In the new U.S healthcare plan we have heard so much about, it will be the government, not the market, who decides who gets treated and what level of treatment they will have. England and Canada have a similar system, and by all accounts there is widespread dissatisfaction. The government cannot possibly provide ALL of the healthcare that any of its citizens demand – it will bankrupt the country. So it will have to decide who gets what. Older folks will not get that heart transplant paid for by the government – it’ll be more cost efficient for the government to grant it to a younger guy. Or, there will be a huge wait for the government insured service, during which time, the marginal patient will die.

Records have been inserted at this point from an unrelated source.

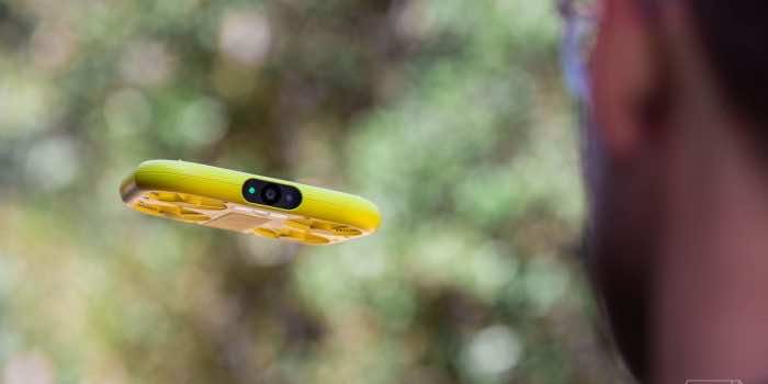 Snap的Pixy无人机售价230美元,顶部有一个按钮,可以激活四种预设飞行模式中的一种,它可以在不使用控制器的情况下漂浮、绕轨道飞行和跟随用户。
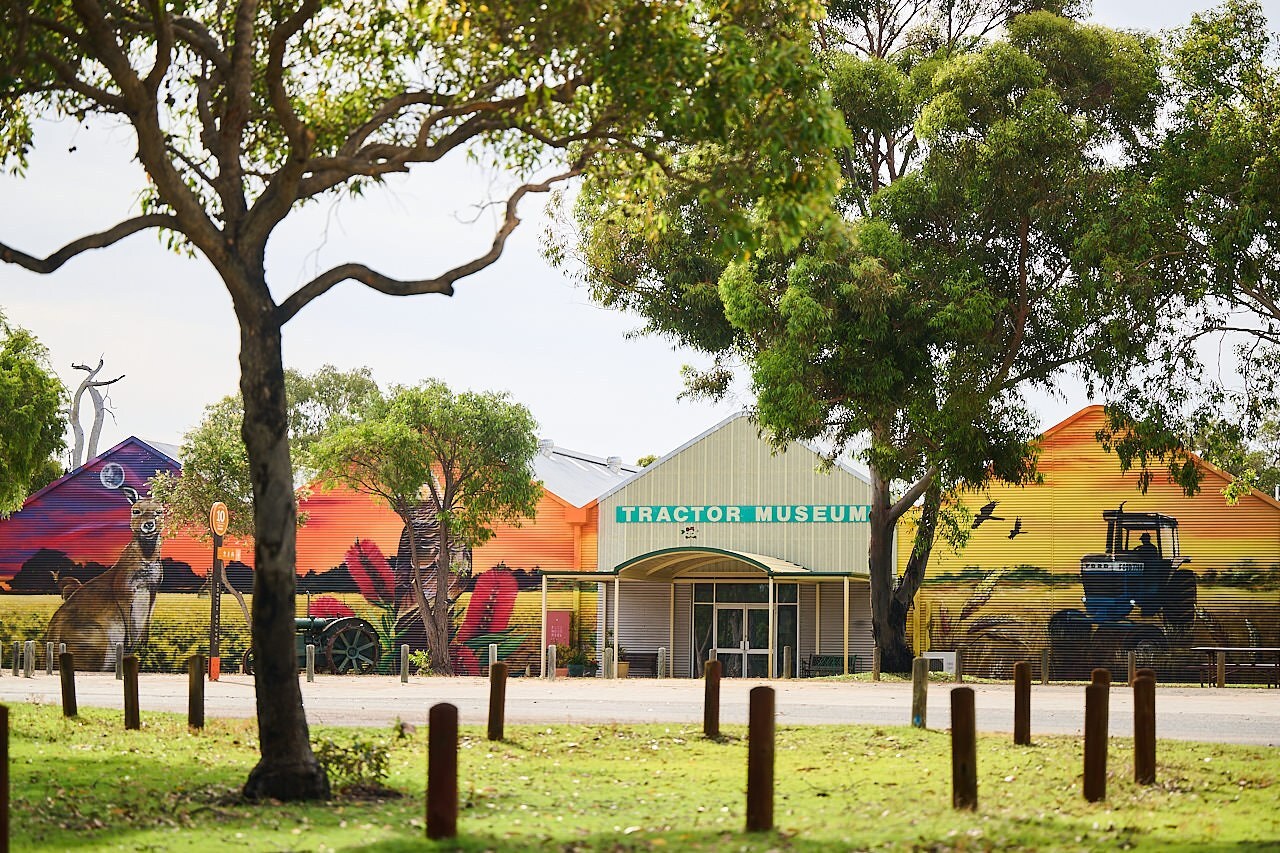 Mural Nomad, the artist behind the Tractor Museum of WA's beautiful big agricultural artwork, recently completed a wrap-around piece at the Woodland Reserve Interpretive Centre.
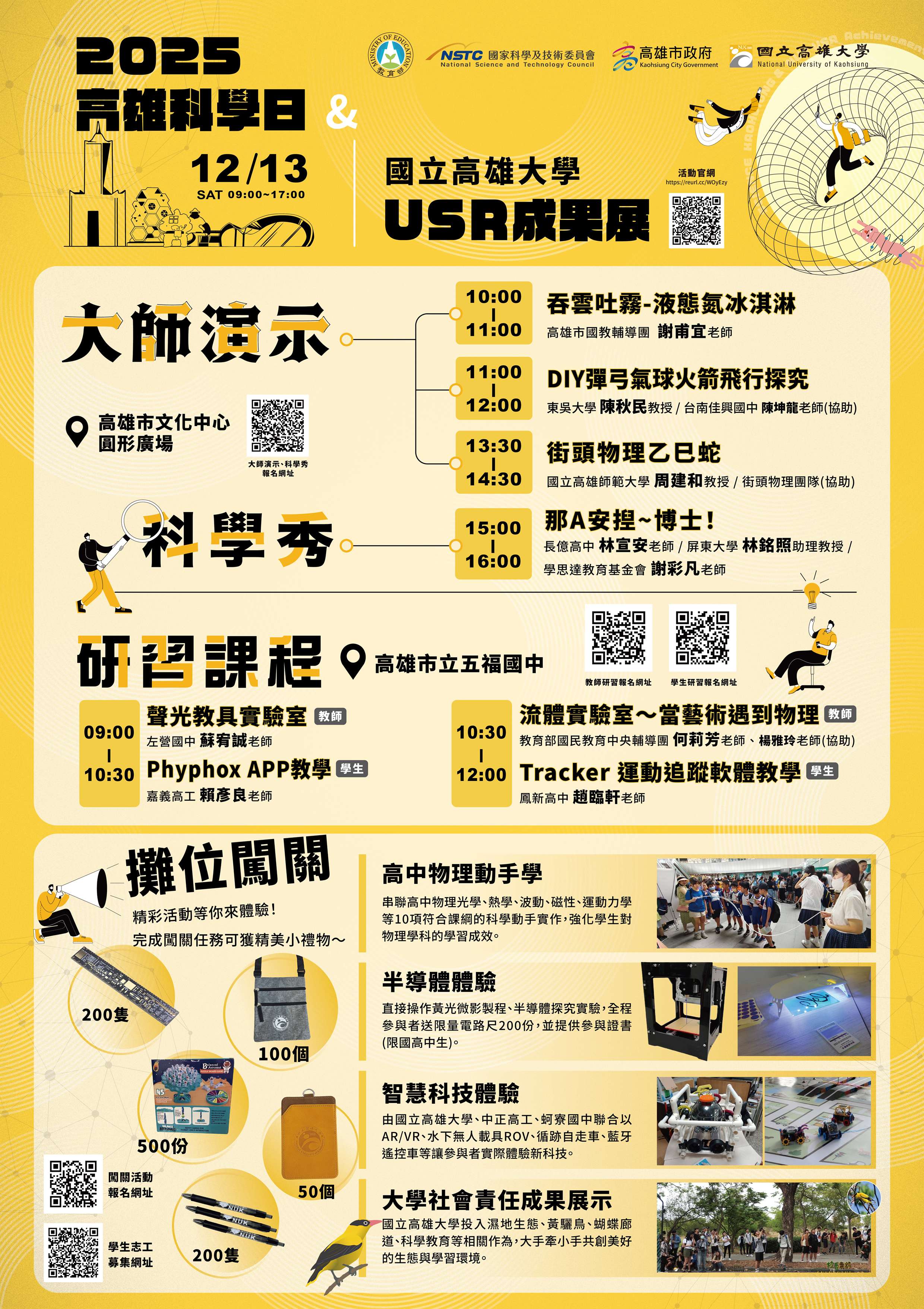 一、為推廣科學教育與分享本校師生執行USR計畫豐碩成果,辦理旨揭成果展,透過大師演示、科學秀、大眾科普、半導體製程體驗、智慧科技體驗,及教師與學生研習,以擴大各界交流。
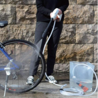 バッテリー式だから水道と電源のない場所でも、バケツさえ用意すれば洗浄できます。吸水ホースも付属されており、面倒な水道栓の接続もなく準備が簡単です。
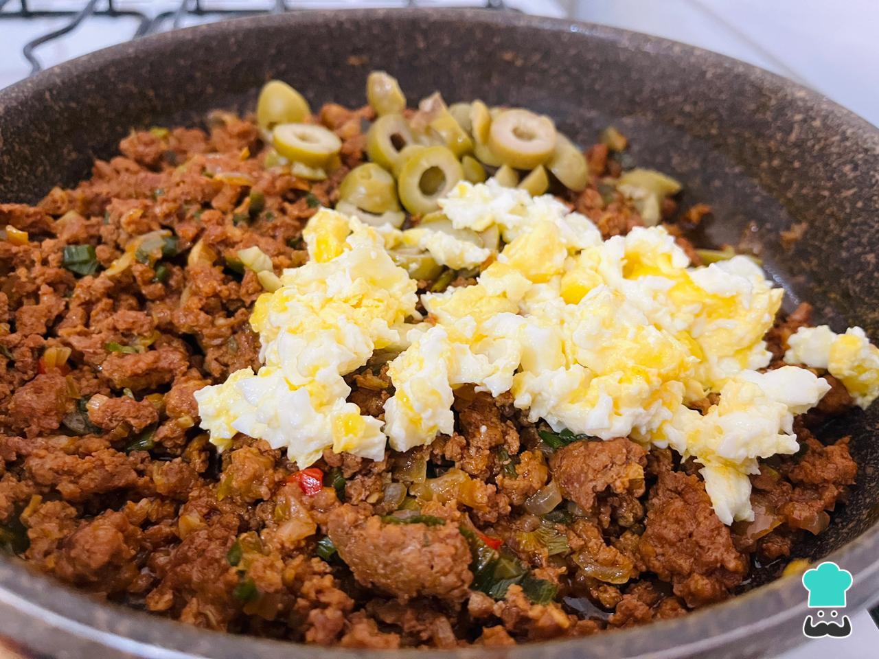 Apaga el fuego y agrega el huevo duro picado, previamente hervido 12 minutos desde agua fría y pelado. También las aceitunas en rodajas.
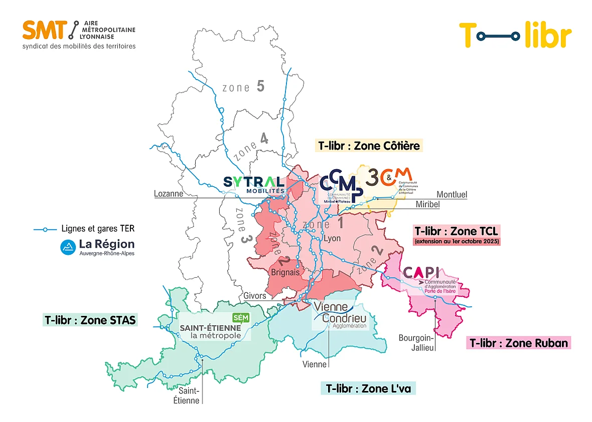 L’offre de transport T-libr qui combine en un seul titre de transport les réseaux de trains et cars régionaux et ceux de transports en commun des agglomérations de Lyon (TCL zones 1 & 2), Saint-Étienne (STAS), Vienne (L’va), Bourgoin-Jallieu (RUBAN), Miribel (Colibri) et Montluel (Tico) s’ouvre désormais à tous.
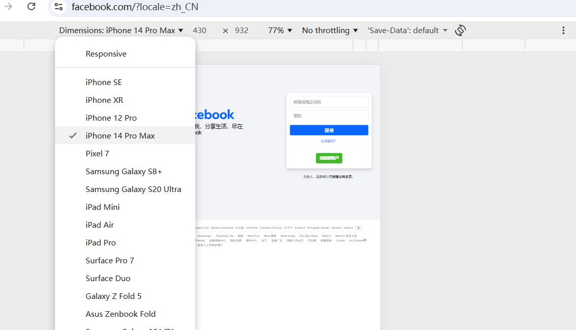3. 右边上角Dimensions选择 任意iphone 或14 Pro Max界面
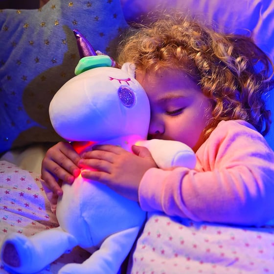 Illuminate your child's bedtime routine with the enchanting Magic Dreamlight Light-Up Plush White Unicorn. This charming plush companion combines the magical allure of a unicorn with soothing light features that create a comforting ambiance in any room. The soft, huggable white unicorn is perfect for cuddles and imaginative play during the day, while its gentle illumination transforms it into a magical night-time friend. The plush unicorn's carefully crafted design features delicate details and premium materials that are soft to touch, making it an ideal sleeping companion for little ones. Its light-up feature can help ease bedtime anxieties and create a peaceful atmosphere for sleep. Whether used as a decorative piece in a child's room or as a cherished bedtime buddy, this enchanting unicorn brings a touch of wonder and comfort to your little one's world. The perfect gift for unicorn enthusiasts and children who need a bit of magical light to guide them through the night.
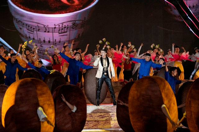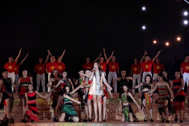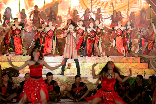Diện một chiếc áo dài hoa văn thổ cẩm, nam ca sĩ Tuấn Hưng với giọng hát đầy nội lực của mình đã thổi bùng hồn lửa đại ngàn với bài hát “Ngọn lửa cao nguyên”.

Adam Smith was a Scottish Philosopher in the Age of Enlightenment. In 1776, the same the year the Declaration of Independence was written, he published ‘An inquiry into the Nature and Causes of the Wealth of Nations‘. It was an astounding book at the time, and laid the foundation for the school of economic thought called ‘enterprise economics’. That body of thought contended that if market participants were free, their choices guided by their own self interest would produce the most efficient and optimal use of the country’s resources. He contended that efforts by the state to promote social goals would be ineffective, and would result in a consistently suboptimal result. This economic point of view is commonly referred to as ‘the invisible hand‘, from Smith’s contention that under his laissez-faire theory of economic allocation, goods, utilization, and consumer satisfaction would be optimized as if by an ‘invisible hand’. In Das Kapital, published in 1867, Karl Marx formulated his theory that the greatest good could be had from state control of the means of production. We spent the bulk of the 20th century observing which theory worked best. I hope we do not forget those lessons.